Mike Tusken (2013 file photo / News Tribune)

Police Chief Mike Tusken asked the Duluth City Council Thursday night to temper the proposed $325,000 budget cut his department appears poised to receive in 2018.

He asked for $177,500 in relief so that the department would need to absorb a more modest blow of $147,500.

"We're not going to be bashful. My job is to advocate for my department," Tusken said.

To achieve the kind of savings Mayor Emily Larson's administration proposes, Tusken said he would need to eliminate the equivalent of 2.5 full-time civilian positions in his records department.

"The very core of everything we do is based on information, and so for us to function effectively as a department, we have to have good records," he said.

Tusken said the staff working in the records department enable his officers to spend more productive time in the field and to quickly focus their efforts on problem areas when crime patterns begin to emerge. He stressed that real-time information from the records department helps make his officers more effective crime fighters.

The additional requested funds could prevent some of those painful cuts, Tusken said.

But he's prepared to eliminate costs in other areas.

While Tusken said the mounted patrol the police have operated in recent years has provided excellent public outreach, he called it "a nice-to-do, not a need-to-do."

"In an environment where we are looking at potentially having to lay off staff, it just is not feasible to maintain that any more," he said.

"It's not the horses that cost the money. It's the people who are on the horses, and then you have to start making decisions about: Do I want to investigate domestic assaults/sex assaults? Do I want to go after child predators? And I believe first and foremost you have to keep your community safe before you do some of these other projects," he said.

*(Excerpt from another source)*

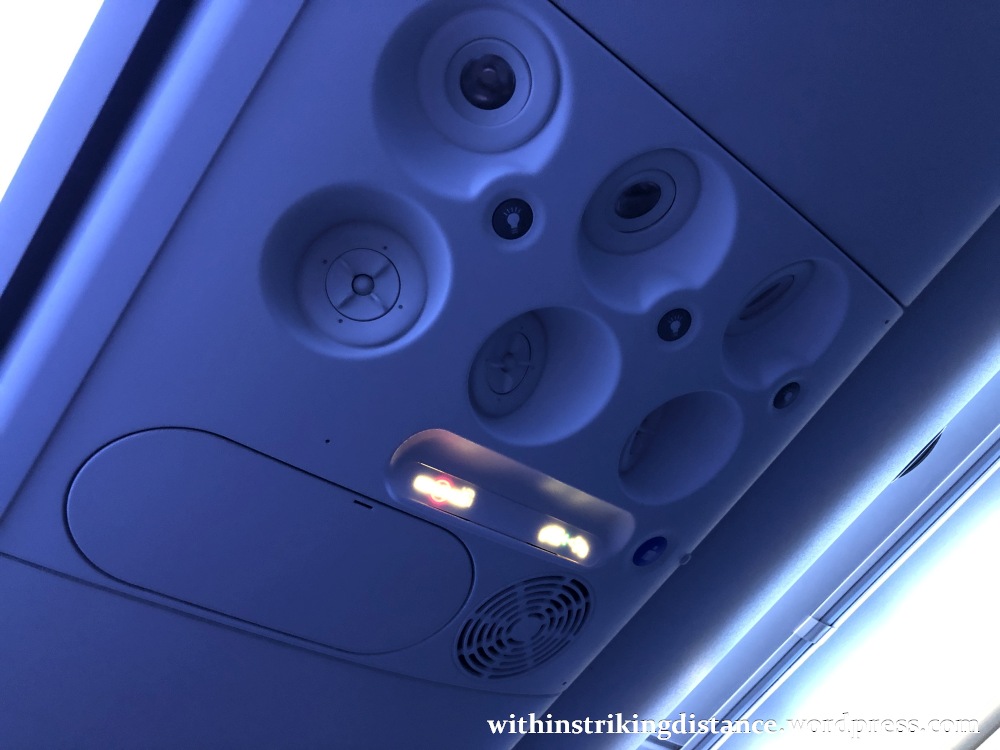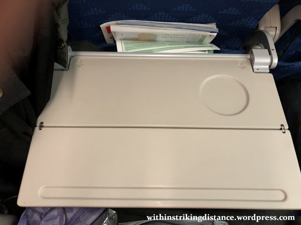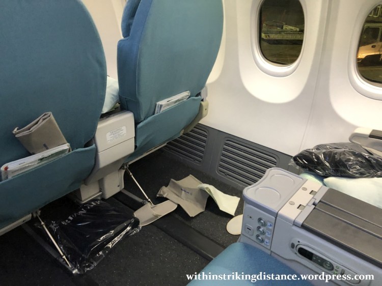 The first picture below was taken after landing, hence the used pillow and blanket. Don’t take this as a sign of shoddy pre-departure housekeeping on KE’s part!

The City Council will set the Duluth's levy in December, and there will be little wiggle room to raise more money through property taxes to fulfill Tusken's request. Councilors learned Thursday that the city's property tax projections for 2018 have been adjusted upward by about $440,000, despite a proposed $2.1 million in total budget cuts.

As bargaining units for staff working at other cities across the state have been completing their contract negotiations, Duluth's initial projections for what its own pending contract talks will yield have changed.

"We're saying where that baseline for settlements is falling out. They vary across the state, but they are falling within a bandwidth, and we were outside that bandwidth," said David Montgomery, Duluth's chief administrative officer, explaining where $340,000 of the increase had originated.

Montgomery also pointed to softening sales tax collections as the second factor that made the city decide to increase its levy request by another $100,000.

The maximum levy the City Council authorized in September allowed for a 6.4 percent increase in 2018. That built in a cushion of more than $600,000, which has now been reduced to about $175,000 under the city's revised budget calling for a 6.26 percent levy increase.

During a budget discussion Thursday night, 4th District Councilor Howie Hanson advised his colleagues on the council to think carefully before pushing the levy to its uppermost limit. Referring to the $175,000 still left before the cap, he said: "It's not candy money."

Montgomery concurred, saying: "It's real money that real people would have to pay."